• Exercise requirements
Write out exactly the lines of the entries below from the one holding "This is a bohemian-style" to the one holding "Salseras 7 piezas", inclusive, and leave out all other lines.

• Materials provided
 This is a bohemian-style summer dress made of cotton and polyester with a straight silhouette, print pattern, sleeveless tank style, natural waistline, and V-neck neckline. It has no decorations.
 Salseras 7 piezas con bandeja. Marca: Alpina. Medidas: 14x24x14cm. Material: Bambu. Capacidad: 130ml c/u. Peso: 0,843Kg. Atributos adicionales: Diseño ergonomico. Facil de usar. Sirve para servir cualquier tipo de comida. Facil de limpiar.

...

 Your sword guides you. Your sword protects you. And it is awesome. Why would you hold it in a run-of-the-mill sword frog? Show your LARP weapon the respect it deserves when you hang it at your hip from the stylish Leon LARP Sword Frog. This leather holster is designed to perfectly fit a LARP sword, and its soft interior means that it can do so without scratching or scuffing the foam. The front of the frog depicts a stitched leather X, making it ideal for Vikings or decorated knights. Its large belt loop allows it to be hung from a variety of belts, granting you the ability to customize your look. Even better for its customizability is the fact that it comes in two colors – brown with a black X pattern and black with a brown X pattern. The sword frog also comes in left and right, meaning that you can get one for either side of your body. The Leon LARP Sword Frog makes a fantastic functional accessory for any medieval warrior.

• Result of this exercise
 This is a bohemian-style summer dress made of cotton and polyester with a straight silhouette, print pattern, sleeveless tank style, natural waistline, and V-neck neckline. It has no decorations.
 Salseras 7 piezas con bandeja. Marca: Alpina. Medidas: 14x24x14cm. Material: Bambu. Capacidad: 130ml c/u. Peso: 0,843Kg. Atributos adicionales: Diseño ergonomico. Facil de usar. Sirve para servir cualquier tipo de comida. Facil de limpiar.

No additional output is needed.